Records contained in a dataset
◇ ◇ ◇ ◇

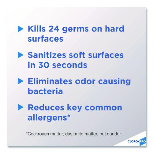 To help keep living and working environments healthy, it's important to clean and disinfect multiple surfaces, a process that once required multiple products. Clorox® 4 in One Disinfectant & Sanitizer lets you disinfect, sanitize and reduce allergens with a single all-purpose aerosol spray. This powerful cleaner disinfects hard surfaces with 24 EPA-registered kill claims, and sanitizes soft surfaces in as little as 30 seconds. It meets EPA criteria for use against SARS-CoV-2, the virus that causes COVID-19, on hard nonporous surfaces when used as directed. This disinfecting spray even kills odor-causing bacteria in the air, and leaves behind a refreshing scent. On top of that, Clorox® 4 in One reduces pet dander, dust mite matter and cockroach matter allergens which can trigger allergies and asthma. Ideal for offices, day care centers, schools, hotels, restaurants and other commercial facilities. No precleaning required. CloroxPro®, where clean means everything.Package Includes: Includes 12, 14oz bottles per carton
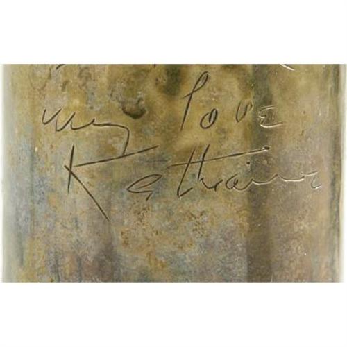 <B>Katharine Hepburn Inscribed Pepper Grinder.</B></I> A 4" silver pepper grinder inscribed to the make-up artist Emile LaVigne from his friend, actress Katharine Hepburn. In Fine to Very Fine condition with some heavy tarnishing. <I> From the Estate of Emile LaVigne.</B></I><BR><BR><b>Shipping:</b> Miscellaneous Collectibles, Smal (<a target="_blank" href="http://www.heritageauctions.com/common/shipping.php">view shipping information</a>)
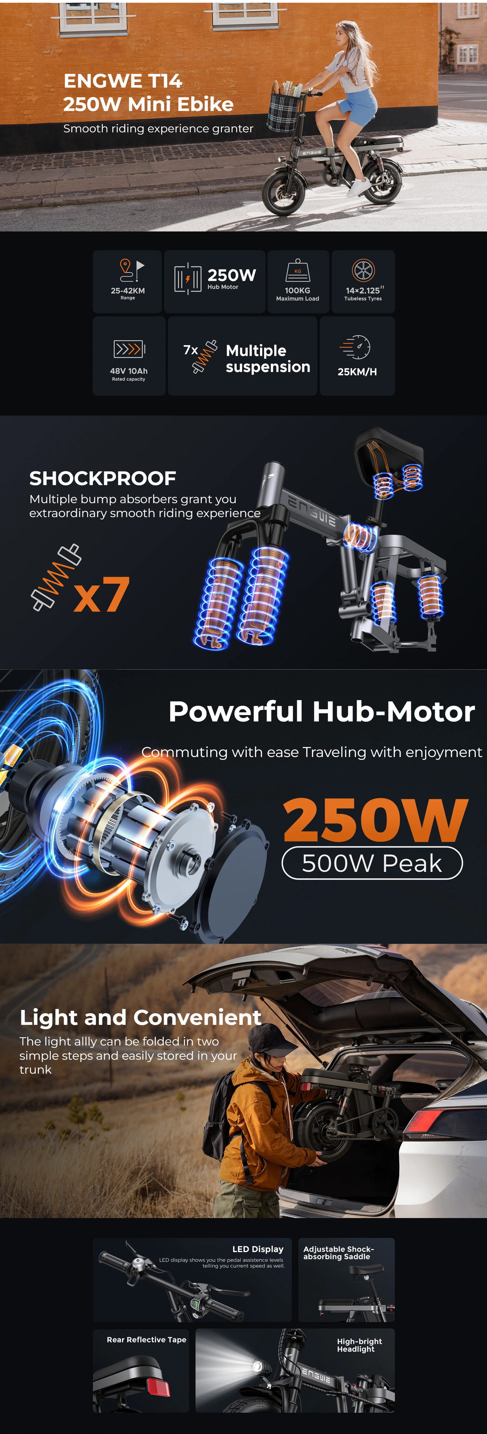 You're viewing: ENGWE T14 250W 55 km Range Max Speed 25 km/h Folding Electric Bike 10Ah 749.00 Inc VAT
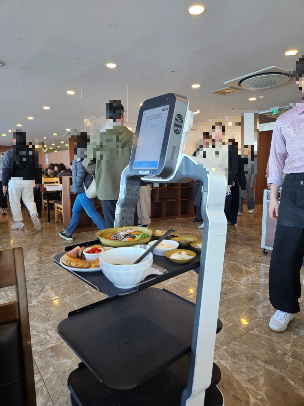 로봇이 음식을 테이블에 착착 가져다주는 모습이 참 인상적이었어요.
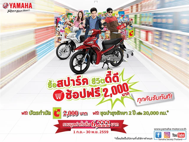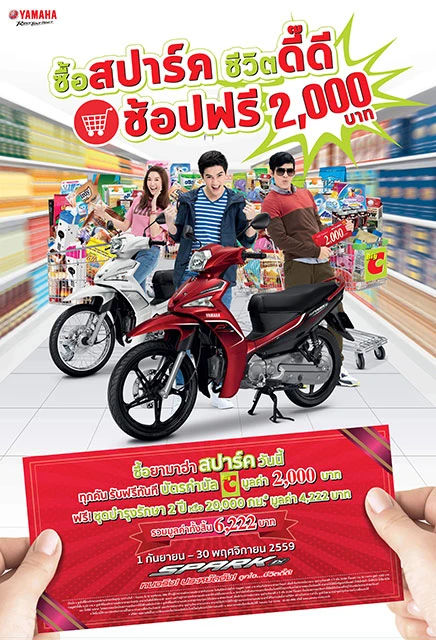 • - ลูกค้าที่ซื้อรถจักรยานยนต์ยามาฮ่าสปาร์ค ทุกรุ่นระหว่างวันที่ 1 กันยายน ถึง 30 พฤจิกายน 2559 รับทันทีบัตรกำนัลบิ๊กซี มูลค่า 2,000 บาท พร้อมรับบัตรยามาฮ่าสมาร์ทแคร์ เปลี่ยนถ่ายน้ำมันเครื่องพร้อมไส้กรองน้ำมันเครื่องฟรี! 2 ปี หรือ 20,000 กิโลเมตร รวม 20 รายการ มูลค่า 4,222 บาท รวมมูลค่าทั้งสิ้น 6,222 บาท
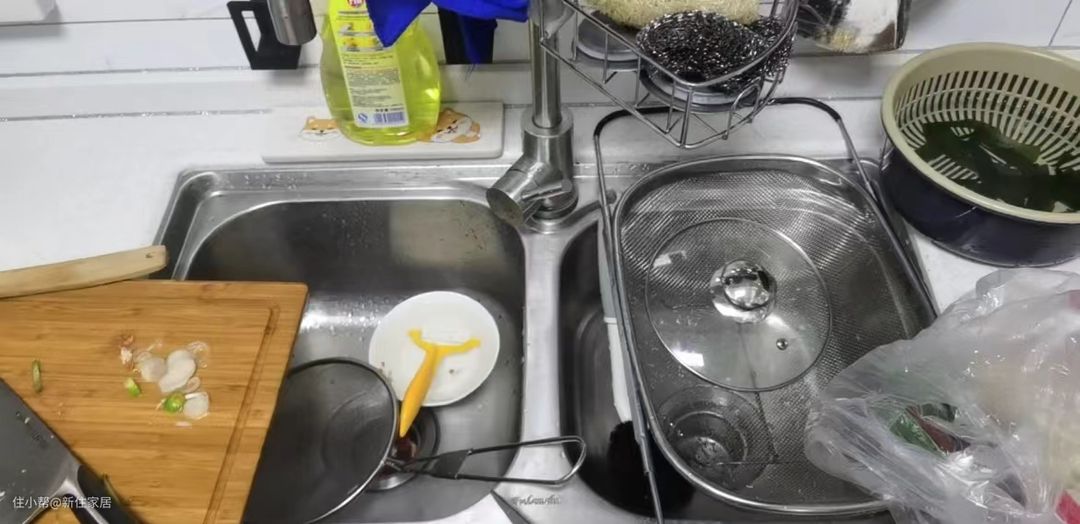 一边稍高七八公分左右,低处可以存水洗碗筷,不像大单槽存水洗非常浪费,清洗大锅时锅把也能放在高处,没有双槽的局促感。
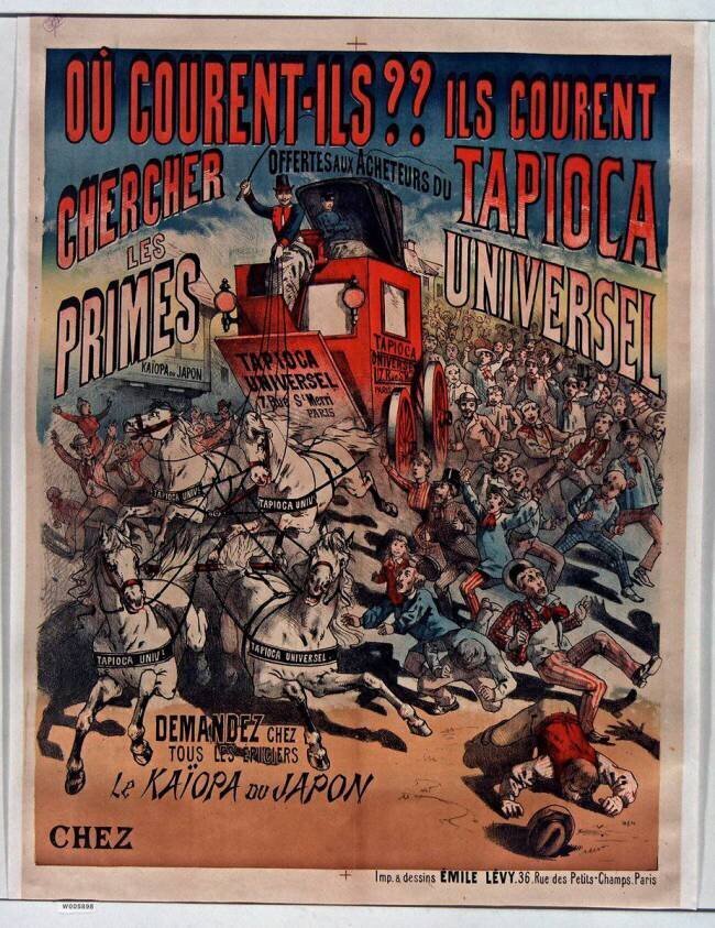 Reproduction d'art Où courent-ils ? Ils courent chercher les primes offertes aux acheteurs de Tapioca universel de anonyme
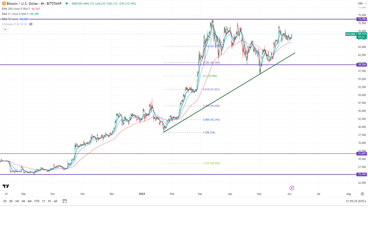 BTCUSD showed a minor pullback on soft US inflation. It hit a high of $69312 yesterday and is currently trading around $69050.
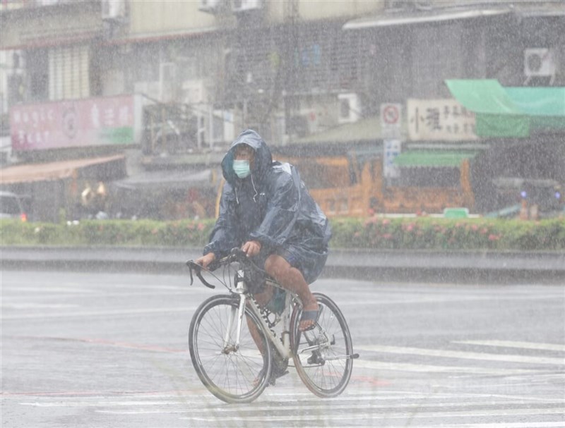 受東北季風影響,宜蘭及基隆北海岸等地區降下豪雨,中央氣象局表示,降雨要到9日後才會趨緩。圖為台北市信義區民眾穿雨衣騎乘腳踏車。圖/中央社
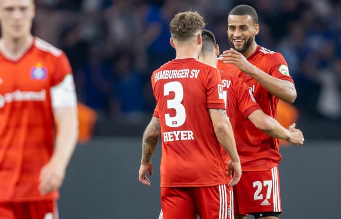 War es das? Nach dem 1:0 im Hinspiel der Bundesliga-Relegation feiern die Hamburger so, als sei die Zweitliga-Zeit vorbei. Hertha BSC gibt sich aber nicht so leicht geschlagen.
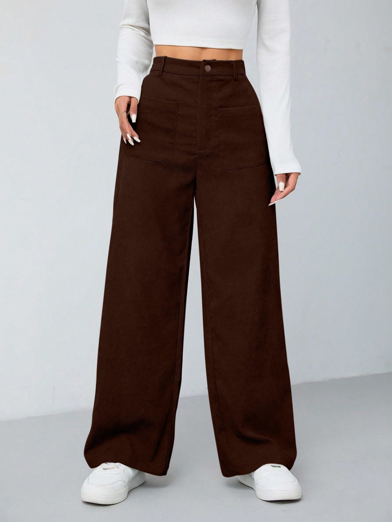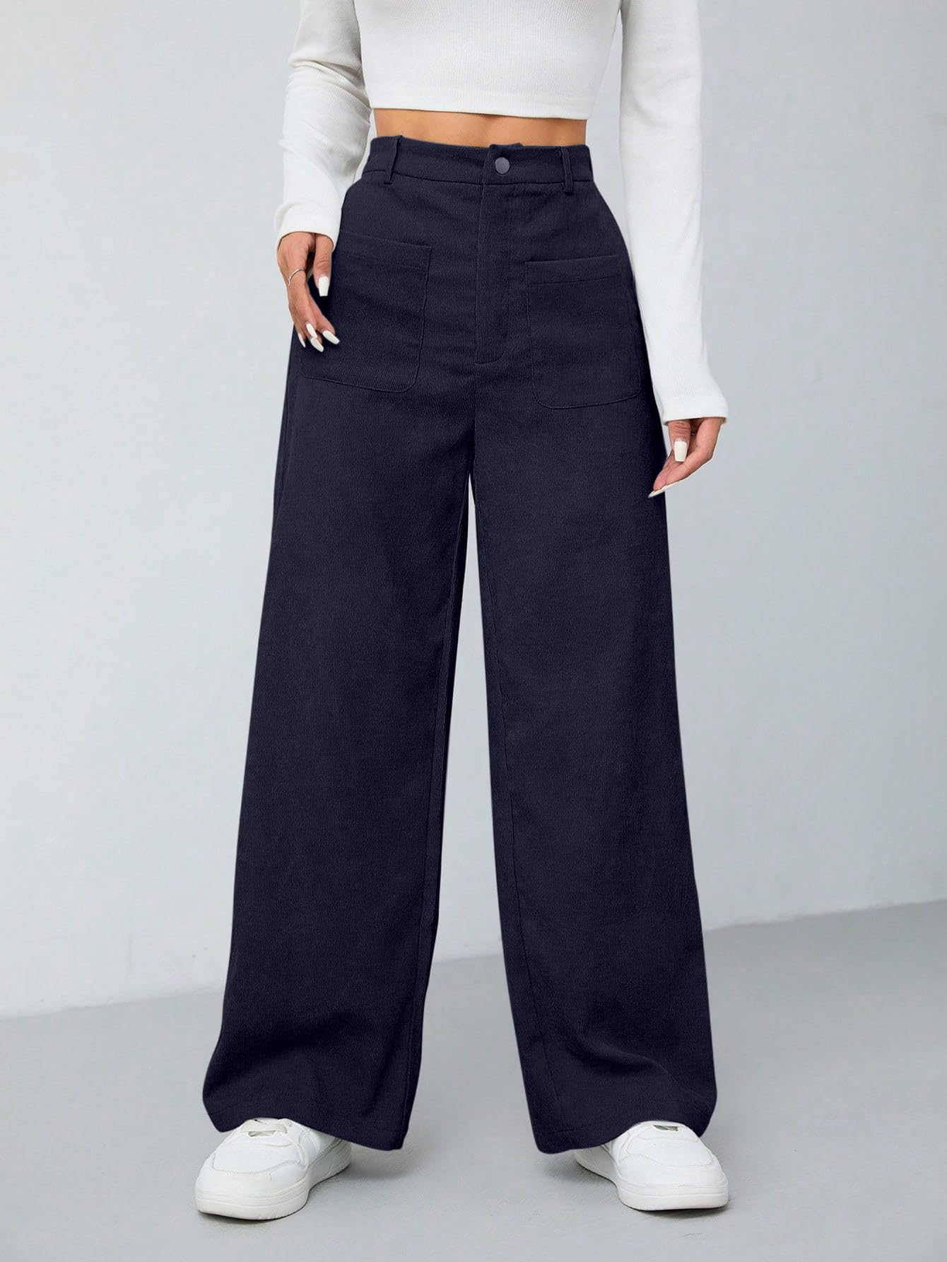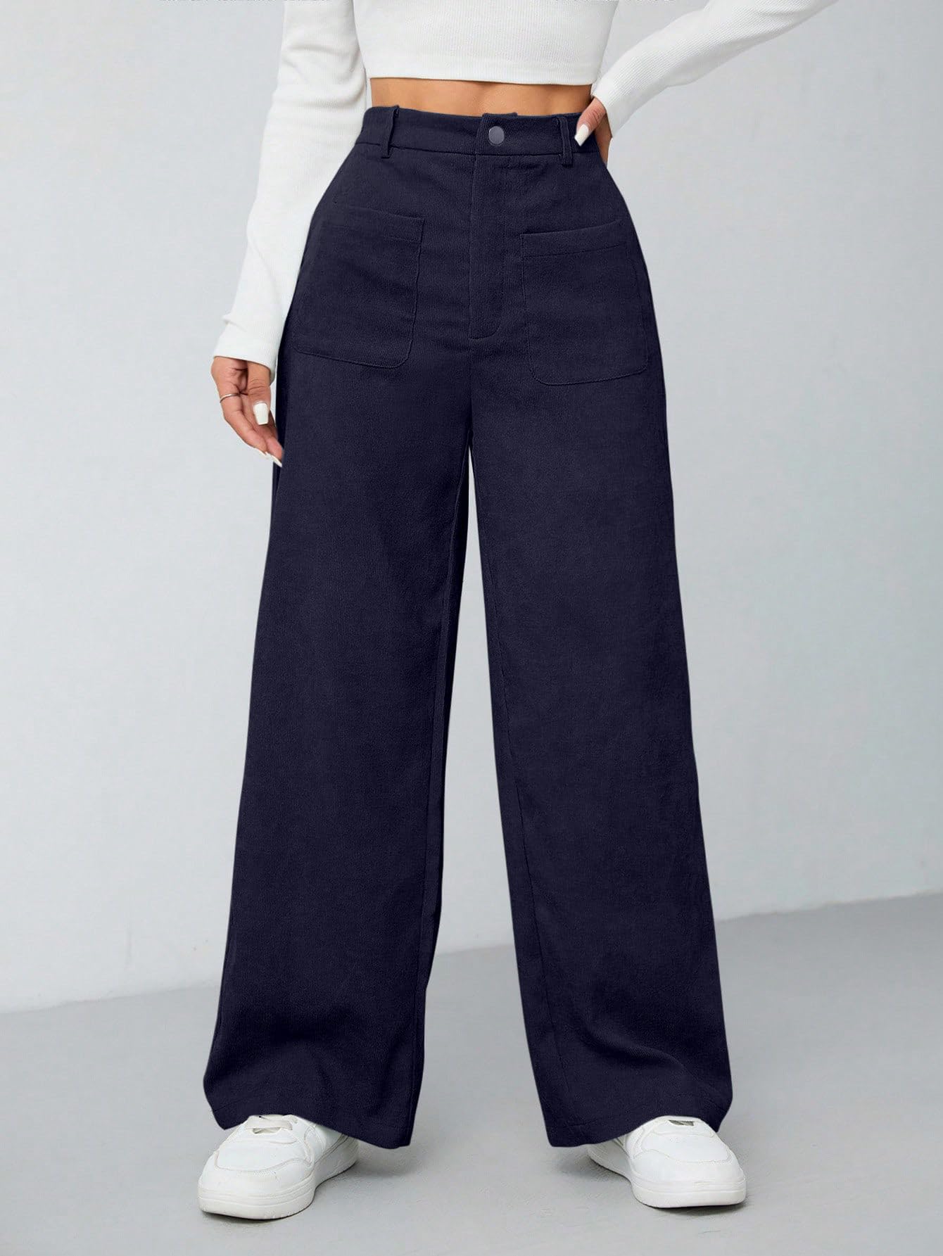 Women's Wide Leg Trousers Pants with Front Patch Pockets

◇ ◇ ◇ ◇

What you have to do
What is needed is the exact run of lines from the start of the data through the line with "로봇이 음식을 테이블에 착착 가져다주는 모습이 참 인상적이었어요.", both ends included, minus the pictures.

Exercise response
 To help keep living and working environments healthy, it's important to clean and disinfect multiple surfaces, a process that once required multiple products. Clorox® 4 in One Disinfectant & Sanitizer lets you disinfect, sanitize and reduce allergens with a single all-purpose aerosol spray. This powerful cleaner disinfects hard surfaces with 24 EPA-registered kill claims, and sanitizes soft surfaces in as little as 30 seconds. It meets EPA criteria for use against SARS-CoV-2, the virus that causes COVID-19, on hard nonporous surfaces when used as directed. This disinfecting spray even kills odor-causing bacteria in the air, and leaves behind a refreshing scent. On top of that, Clorox® 4 in One reduces pet dander, dust mite matter and cockroach matter allergens which can trigger allergies and asthma. Ideal for offices, day care centers, schools, hotels, restaurants and other commercial facilities. No precleaning required. CloroxPro®, where clean means everything.Package Includes: Includes 12, 14oz bottles per carton
 <B>Katharine Hepburn Inscribed Pepper Grinder.</B></I> A 4" silver pepper grinder inscribed to the make-up artist Emile LaVigne from his friend, actress Katharine Hepburn. In Fine to Very Fine condition with some heavy tarnishing. <I> From the Estate of Emile LaVigne.</B></I><BR><BR><b>Shipping:</b> Miscellaneous Collectibles, Smal (<a target="_blank" href="http://www.heritageauctions.com/common/shipping.php">view shipping information</a>)
 You're viewing: ENGWE T14 250W 55 km Range Max Speed 25 km/h Folding Electric Bike 10Ah 749.00 Inc VAT
 로봇이 음식을 테이블에 착착 가져다주는 모습이 참 인상적이었어요.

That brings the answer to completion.